Authors Kingsley-Smith H , Short S, Kotze K, Lyons O 

Received 12 September 2022

Accepted for publication 6 December 2022

Published 22 December 2022 Volume 2022:13 Pages 1547—1554

DOI https://doi.org/10.2147/AMEP.S386961

Checked for plagiarism Yes

Review by Single anonymous peer review

Peer reviewer comments 2

Editor who approved publication: Professor Balakrishnan Nair



Harry Kingsley-Smith,1 Sarah Short,2 Koot Kotze,3 Oscar Lyons2

1Department of Medical Education, Oxford University Hospitals NHS Foundation Trust, Oxford, Oxfordshire, UK; 2Nuffield Department of Surgical Sciences, University of Oxford Medical Sciences Division, Oxford, Oxfordshire, UK; 3Nuffield Department of Primary Care Health Sciences, University of Oxford, Oxford, Oxfordshire, UK

Correspondence: Harry Kingsley-Smith, Email [email protected]

Background: Biomedical scientists have become de facto leaders for their research teams. Theories of expert leadership suggest that the specialist knowledge and credibility these researcher-leaders bring to their roles can lead to improved performance. Formal leadership development for biomedical researchers remains uncommon, and it is unclear whether existing leadership development programmes achieve improved individual and organisational outcomes. Our study evaluates the effectiveness of a single centre leadership development programme for biomedical researchers using a mixed-methods approach.
Methods: 26 biomedical researchers participated in an 8 month single centre multidisciplinary leadership development programme. Participants completed prospective pre-test, retrospective then-test and traditional post-test self-assessments using the Primary Colours Questionnaire (PCQ) and Medical Leadership Competency Framework Self-Assessment Tool (MLCFQ). Pre–post pairs and then–post pairs were analysed for changes using Wilcoxon signed-rank tests and compared with a parallel mixed-methods evaluation organised by Kirkpatrick levels.
Results: There were significant increases in 3/7 domains and 1/5 tasks of leadership in the PCQ, in both pre-post and then-post paired assessments. There were statistically significant but small increases in 2/7 domains of the MLCFQ. The mixed-methods data showed positive outcomes at all Kirkpatrick levels. Participants said the programme was relevant, interesting and well-organised, with 63% reporting increased confidence and motivation. Participants had a significant change in behaviour, spending 1– 2 hours per week on group projects, which were successfully implemented locally. 42% of participants expected these projects to continue beyond the programme.
Discussion: This study demonstrates a local leadership programme can have positive impact within a biomedical research centre despite time and financial constraints. We encourage future studies to utilise a mixed-methods approach to evaluating the impact of leadership development programmes.

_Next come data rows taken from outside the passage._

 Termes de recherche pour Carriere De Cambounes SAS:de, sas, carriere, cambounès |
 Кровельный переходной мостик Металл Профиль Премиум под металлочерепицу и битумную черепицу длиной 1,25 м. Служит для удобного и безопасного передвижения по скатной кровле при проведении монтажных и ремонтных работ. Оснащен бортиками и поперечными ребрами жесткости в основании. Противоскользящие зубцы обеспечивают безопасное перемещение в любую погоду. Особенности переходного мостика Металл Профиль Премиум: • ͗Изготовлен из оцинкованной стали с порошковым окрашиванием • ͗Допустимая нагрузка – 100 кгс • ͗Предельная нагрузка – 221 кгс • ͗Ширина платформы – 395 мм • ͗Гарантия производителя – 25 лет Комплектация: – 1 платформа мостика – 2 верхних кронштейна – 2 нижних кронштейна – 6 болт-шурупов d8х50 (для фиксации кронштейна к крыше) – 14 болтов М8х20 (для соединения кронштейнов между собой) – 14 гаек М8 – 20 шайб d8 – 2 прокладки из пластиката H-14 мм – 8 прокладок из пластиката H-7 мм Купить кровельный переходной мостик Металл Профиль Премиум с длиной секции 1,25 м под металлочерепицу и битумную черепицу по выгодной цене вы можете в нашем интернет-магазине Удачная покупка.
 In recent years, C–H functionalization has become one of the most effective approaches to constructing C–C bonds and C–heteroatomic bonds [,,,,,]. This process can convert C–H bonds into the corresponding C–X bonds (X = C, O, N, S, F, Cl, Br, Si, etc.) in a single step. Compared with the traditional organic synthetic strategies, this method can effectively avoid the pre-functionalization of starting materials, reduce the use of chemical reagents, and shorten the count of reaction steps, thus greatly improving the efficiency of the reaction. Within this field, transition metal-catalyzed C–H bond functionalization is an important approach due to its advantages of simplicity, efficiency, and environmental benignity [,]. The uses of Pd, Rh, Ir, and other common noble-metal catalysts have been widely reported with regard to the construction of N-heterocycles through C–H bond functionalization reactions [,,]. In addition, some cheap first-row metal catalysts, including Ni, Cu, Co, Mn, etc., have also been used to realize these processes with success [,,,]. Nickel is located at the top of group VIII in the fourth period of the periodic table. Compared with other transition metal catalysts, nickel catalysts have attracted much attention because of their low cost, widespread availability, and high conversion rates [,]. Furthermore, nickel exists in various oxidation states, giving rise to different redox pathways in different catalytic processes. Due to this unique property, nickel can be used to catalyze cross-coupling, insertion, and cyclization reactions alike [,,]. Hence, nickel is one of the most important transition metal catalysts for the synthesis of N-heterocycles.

Keywords: leadership, graduate medical education, graduate education, research personnel

Introduction

Biomedical research teams have become larger and more multidisciplinary,1 Part of this reflects the multidisciplinary nature of clinical service delivery. Part can also be attributed to larger funding of research infrastructure. For example, in the UK, the National Institute for Health and Care Research (NIHR) has recently invested £790 million in Biomedical Research Centres to drive innovation in health research.2 As a result of both the need for innovative clinical research and the subsequent investments, biomedical scientists have become de facto leaders for their research teams. However, despite skills in applied research and knowledge translation, formal leadership training has yet to be established at most biomedical science institutions.3

The employment of accomplished researchers as leaders within their institutions is correlated with improved future university performance.4 Theories of Expert Leadership suggest that the specialist knowledge and credibility these researcher-leaders bring leads to improved performance,4 in line with the correlation between clinician-leaders and hospital performance.5 It is less clear whether leadership development in these organisations also leads to improved performance and outcomes.6–8 We were unable to find any systematic reviews of leadership development for biomedical researchers.

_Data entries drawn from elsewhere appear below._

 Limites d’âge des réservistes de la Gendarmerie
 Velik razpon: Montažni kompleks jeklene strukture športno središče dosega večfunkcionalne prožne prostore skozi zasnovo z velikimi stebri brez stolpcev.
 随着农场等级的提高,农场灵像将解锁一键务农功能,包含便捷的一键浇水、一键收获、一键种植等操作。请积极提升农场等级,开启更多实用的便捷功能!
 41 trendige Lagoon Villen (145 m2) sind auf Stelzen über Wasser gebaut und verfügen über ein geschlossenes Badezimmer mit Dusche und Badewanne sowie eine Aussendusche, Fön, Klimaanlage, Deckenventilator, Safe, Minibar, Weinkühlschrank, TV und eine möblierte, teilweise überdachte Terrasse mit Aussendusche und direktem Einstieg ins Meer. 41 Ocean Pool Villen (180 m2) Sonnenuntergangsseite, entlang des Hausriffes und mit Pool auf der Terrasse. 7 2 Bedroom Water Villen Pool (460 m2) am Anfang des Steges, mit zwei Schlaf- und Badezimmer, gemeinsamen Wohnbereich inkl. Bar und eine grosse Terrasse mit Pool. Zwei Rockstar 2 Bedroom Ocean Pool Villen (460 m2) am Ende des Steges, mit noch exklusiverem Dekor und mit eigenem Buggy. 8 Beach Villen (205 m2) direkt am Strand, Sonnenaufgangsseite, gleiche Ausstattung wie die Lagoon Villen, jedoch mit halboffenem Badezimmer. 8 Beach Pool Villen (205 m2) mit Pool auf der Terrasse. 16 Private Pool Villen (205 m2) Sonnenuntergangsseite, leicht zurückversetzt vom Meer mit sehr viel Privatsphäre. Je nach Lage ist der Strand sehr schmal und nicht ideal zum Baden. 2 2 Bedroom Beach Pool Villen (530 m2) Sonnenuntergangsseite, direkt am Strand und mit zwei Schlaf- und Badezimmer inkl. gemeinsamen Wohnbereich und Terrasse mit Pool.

The present study aims to evaluate the effectiveness of a single centre leadership development programme for biomedical researchers using a mixed-methods approach.

Materials and Methods

Setting

This study evaluated the first cohort of the Next Generation Leaders Programme (NGLP), based at a single UK Biomedical Research Centre funded by the NIHR. The NGLP was developed from an existing local leadership development programme for practicing healthcare professionals. The programme design was based on a distributed leadership model, which has been widely used for leadership development in education and healthcare.9,10 The programme supports early career biomedical researchers to develop leadership capacity through leadership project work and workshops.7,11

Forty biomedical researchers applied for the programme and 26 were accepted. Acceptance was based on applicant availability for workshop dates and their purported desire to apply learning into practice (identified using two short application essays). Participants included those with both patient facing and non-clinical biomedical research roles, and were at career stages ranging from doctoral students to senior postdoctoral researchers (see Table 1).

Table 1 Participant Demographics. All Doctoral Students Had a Clinical Background. Dropout Was Most Significant Amongst Post-Doctoral Researchers and Research Managers. Clinical Background Was Defined as Having Had a Patient-Facing Role

Group leadership projects formed the main foundation for leadership learning. Participants proposed projects during the launch session which the faculty then screened for alignment with organisational strategic goals, feasibility and complexity. Participants ranked project proposals and self-organised into multidisciplinary teams with between three and six members. They worked on their project throughout the programme, presenting progress at each of the workshops and presenting project outcomes at the final workshop.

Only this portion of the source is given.